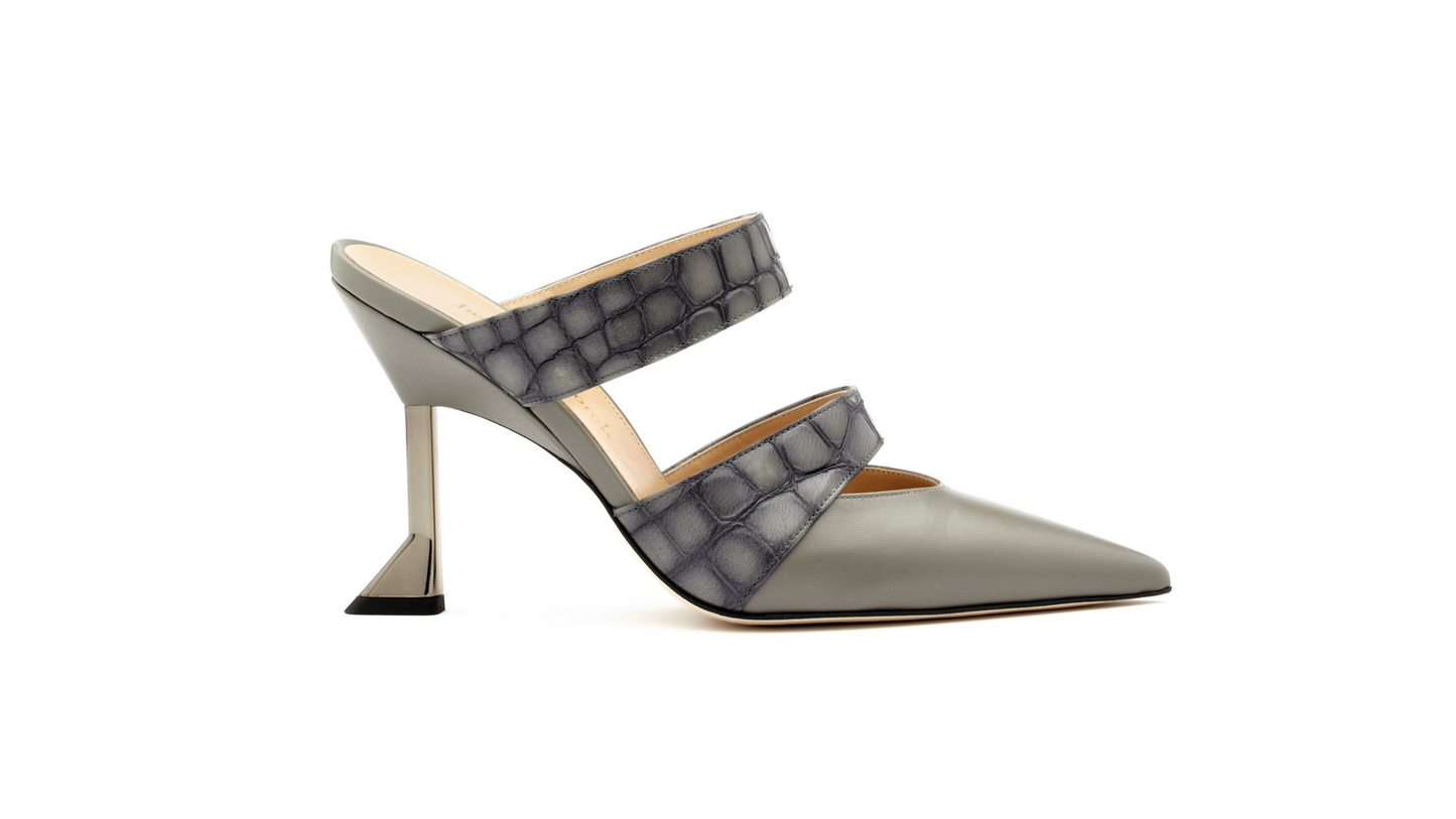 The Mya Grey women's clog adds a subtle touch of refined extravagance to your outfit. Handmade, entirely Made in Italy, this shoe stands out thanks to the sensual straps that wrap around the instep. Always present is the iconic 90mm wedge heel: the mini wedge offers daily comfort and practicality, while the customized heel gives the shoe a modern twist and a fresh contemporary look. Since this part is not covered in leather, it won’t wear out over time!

-------------------------

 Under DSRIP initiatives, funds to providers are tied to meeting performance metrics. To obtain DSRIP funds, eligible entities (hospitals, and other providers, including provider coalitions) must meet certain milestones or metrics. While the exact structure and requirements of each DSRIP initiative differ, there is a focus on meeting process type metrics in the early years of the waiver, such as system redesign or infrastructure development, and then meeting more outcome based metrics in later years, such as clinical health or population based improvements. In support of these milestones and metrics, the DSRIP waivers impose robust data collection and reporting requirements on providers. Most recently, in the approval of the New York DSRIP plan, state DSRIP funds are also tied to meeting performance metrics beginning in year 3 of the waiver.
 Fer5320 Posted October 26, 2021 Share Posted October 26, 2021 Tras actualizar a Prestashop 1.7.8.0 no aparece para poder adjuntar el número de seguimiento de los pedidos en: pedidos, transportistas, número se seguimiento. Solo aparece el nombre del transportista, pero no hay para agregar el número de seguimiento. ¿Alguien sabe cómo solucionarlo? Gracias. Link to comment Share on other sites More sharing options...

-------------------------

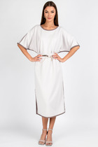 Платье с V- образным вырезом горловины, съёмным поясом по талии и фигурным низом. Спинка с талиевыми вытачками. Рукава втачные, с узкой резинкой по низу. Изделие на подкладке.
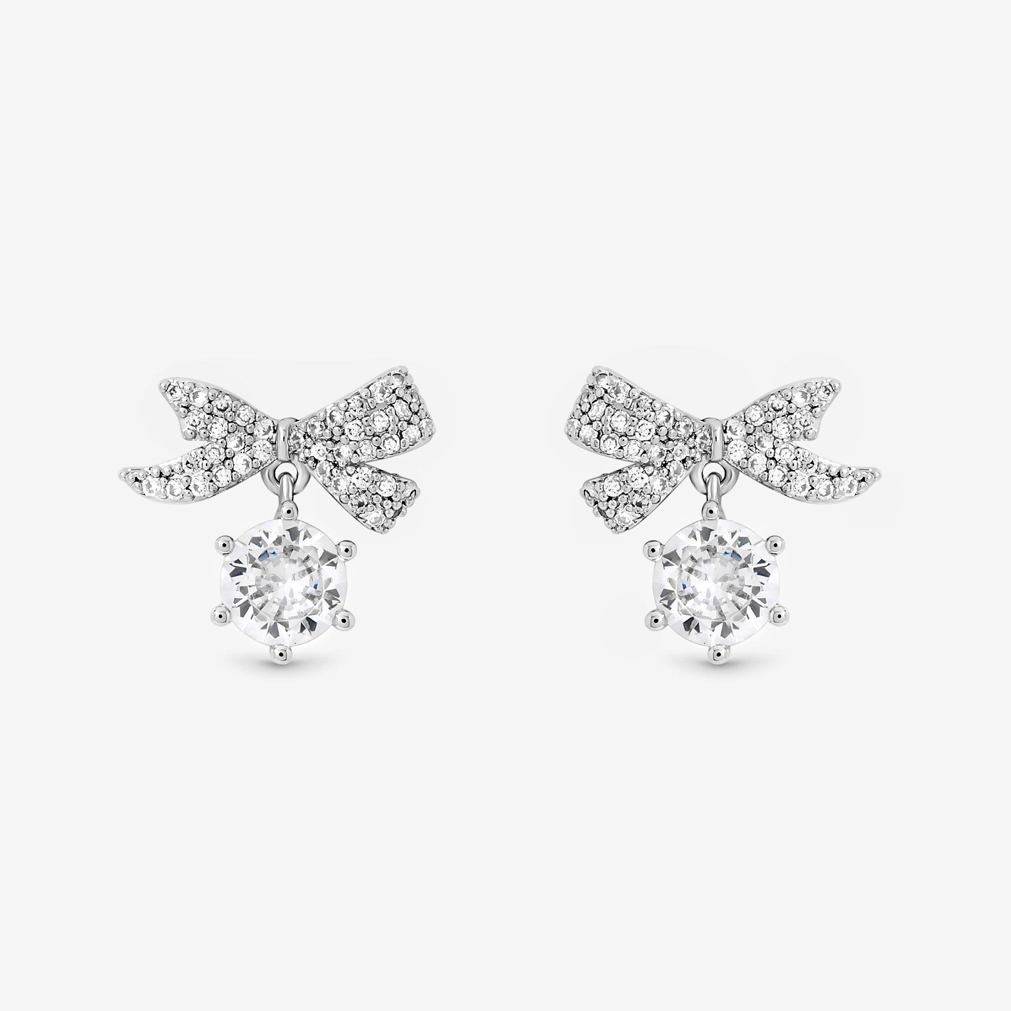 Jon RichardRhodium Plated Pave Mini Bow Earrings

-------------------------

- [REQUIRED WORK]
Set down exactly the lines above, from the line containing "Платье с V- образным" through the line containing "Jon RichardRhodium Plated". Skip the pictures.

- [ANSWER AREA]
 Платье с V- образным вырезом горловины, съёмным поясом по талии и фигурным низом. Спинка с талиевыми вытачками. Рукава втачные, с узкой резинкой по низу. Изделие на подкладке.
 Jon RichardRhodium Plated Pave Mini Bow Earrings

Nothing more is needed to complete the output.